Wondering if SteelieHunter could repost the link for water depth on the inland waterways. Saw it once before but lost it.

Thanks


----------



## Tight Lines (Jan 22, 2005)

Looks like I got an answer on a 1/14 post by Live2Fish. I'm a first time member here and posted my question for SteelieHunter befor seeing Live2Fish's post. Bottom line is that I do recognize that usgov site, and I now recall the problem -- I can't open it. My browser has worked on every link I've ever tried for years, but I cant seem to get into that water datat site.
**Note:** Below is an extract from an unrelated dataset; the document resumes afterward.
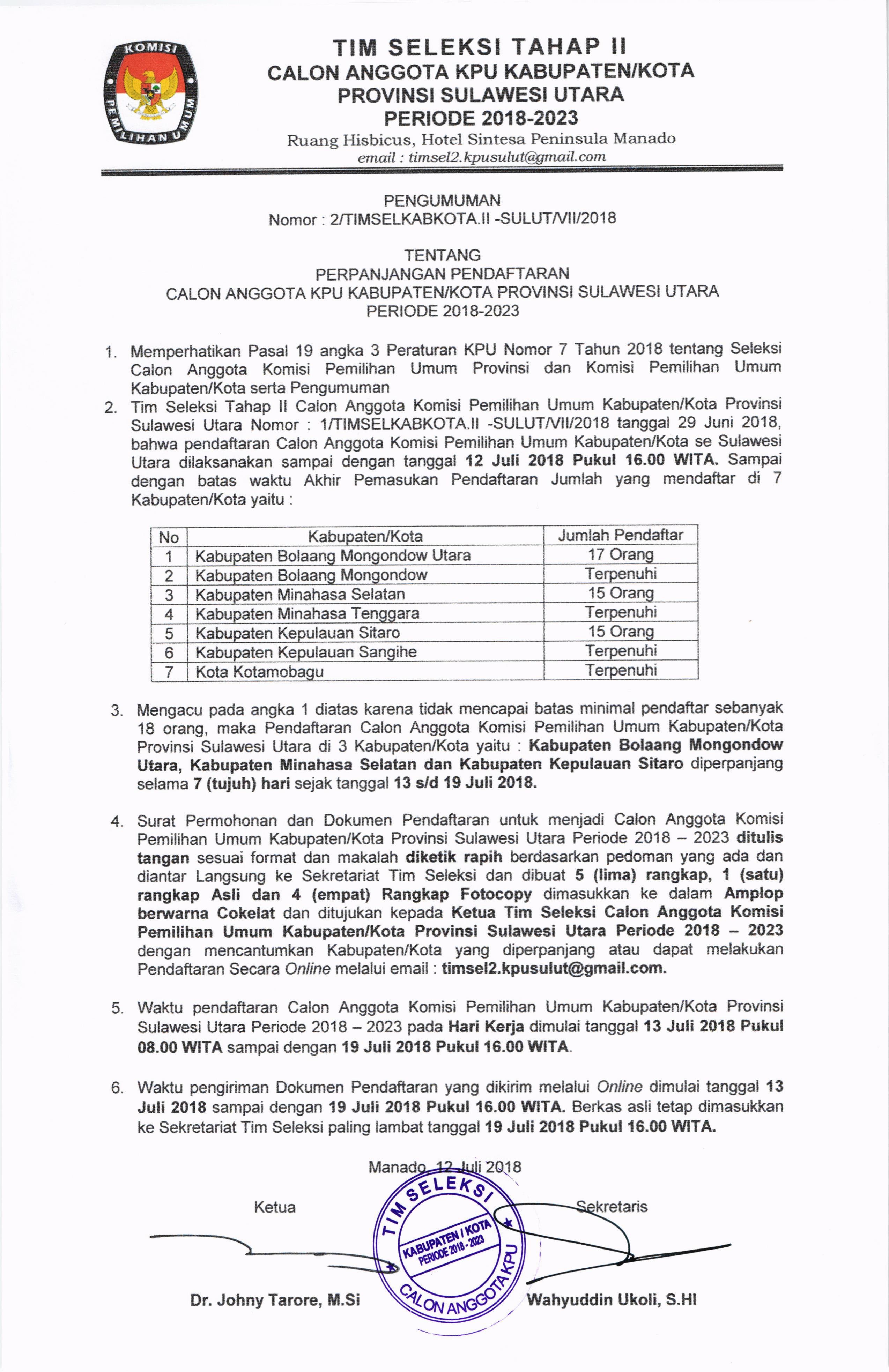 Manado, sulut.kpu.go.id - Memerhatikan Pasal 19 angka 3 Peraturan KPU Nomor 7 Tahun 2018 tentang Seleksi Calon Anggota Komisi Pemilihan Umum Provinsi dan Komisi Pemilihan Umum Kabupaten/Kota serta Pengumuman Tim Seleksi Tahap II Calon Anggota Komisi Pemilihan Umum Kabupaten/Kota Provinsi Sulawesi Utara Nomor : 1/TIMSELKABKOTA.II-SULUT/VII/2018 tanggal 29 Juni 2018,maka Pendaftaran Calon Anggota Komisi Pemilihan Umum Kabupaten/Kota Provinsi Sulawesi Utara di 3 Kabupaten Kota yaitu Kabupaten Minahasa Selatan, Kabupaten Bolaang Mongondow Utara dan Kabupaten Kepulauan Sitaro diperpanjang selama 7 hari yaitu tanggal 13 s/d 19 Juli 2018.

Any Ideas anyone ?

Tight Lines


----------



## atrkyhntr (May 31, 2004)

download another browser like "Mozilla Firefox"
much better then IE and its free... I may use 3-4 diff browsers at the sametime many times... If prompted after download and open to make the new browser of choice your default browser simply choose yes or no all you have will still work...
download here---> http://www.mozilla.org/products/firefox/


----------



## atrkyhntr (May 31, 2004)

oh yea... *WELCOME ABOARD* Tight Lines


----------



## Live2Fish (Apr 7, 2004)

http://www.nws.noaa.gov/rivers_tab.php


----------



## dave hiwatt (Mar 7, 2005)

Hello folks. my first post! Try this one for Ohio rivers
http://water.usgs.gov/cgi-bin/waterwatch?map_type=real&state=oh

This one for Ohio lakes and reservoirs
http://www.dnr.state.oh.us/wildlife/Fishing/lakemaps/lmaps.htm


----------